I am coming out of a very rough and heartbreaking season. I sit here at my computer, listening to Adele, and wanting to just scream. I want to step outside and fill my lungs with air…I want to feel like I can breathe. BreatheI feel like I have been holding my breath for months. 

One would think, that as a Christian, I would be taking this time to cling to God; and there was a moment that I was doing just that. I am human though.  Recently, I have started to embrace the numbness. Plastering on that happy face and hiding behind the facade that I am okay. The reality….I have started to withdraw and I don’t know how to climb out of this season.

I have stopped contributing my own thoughts in my Bible study, I haven’t attended church since Christmas Day, I have stopped reaching out to friends, I have disengaged at home…the list seems endless. This could be rationalized that I am still in mourning. I went through a miscarriage that lasted much longer than what I was prepared for; and when I finally received the call that physically it was over…three days later I was at my father-in-laws bedside watching him on his journey Home. So, maybe I am in part.

I have spent a great deal, of my short life of 34 years, suppressing my true feelings. Yes, there have been times when it became too much of a burden and I let myself unleash. That is never pretty, and I end up hurting those I love. That is not who I want to be or do.

I tell myself that I have to be strong…don’t let them see your pain. You will look weak or crazy. I have found that by doing that, I come across as selfish or cold.

The REAL stuff,  is not seen on Facebook, Instagram, or Snapchat… those are just flashes of happiness.
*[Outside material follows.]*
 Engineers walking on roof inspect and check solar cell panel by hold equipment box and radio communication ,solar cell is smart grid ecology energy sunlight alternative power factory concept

I ask myself what would my social media look like if I was real…if we all were real. Not real in calling out those who have hurt us, bashing others faults, or spewing whatever comes to our minds…. Real that we look within our imperfect selves, our own faults, struggles, bad choices and reach out to others and say “I’ve been there, and I see your pain.”
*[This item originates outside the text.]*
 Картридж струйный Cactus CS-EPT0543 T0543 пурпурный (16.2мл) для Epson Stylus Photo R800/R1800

How can you say to your brother, ‘Let me take the speck out of your eye,’ while there is still a beam in your own eye? You hypocrite! First take the beam out of your own eye, and then you will see clearly to remove the speck from your brother’s eye. -Matthew 7:4-5

Finally, all of you should be of one mind. Sympathize with each other. Love each other as brothers and sisters. Be tenderhearted, and keep a humble attitude. -1 Peter 3:8

Life can be hard and messy. Maybe the lesson for me, in this season, is finding that it is okay to be raw and vulnerable and to honestly say…. I am not okay.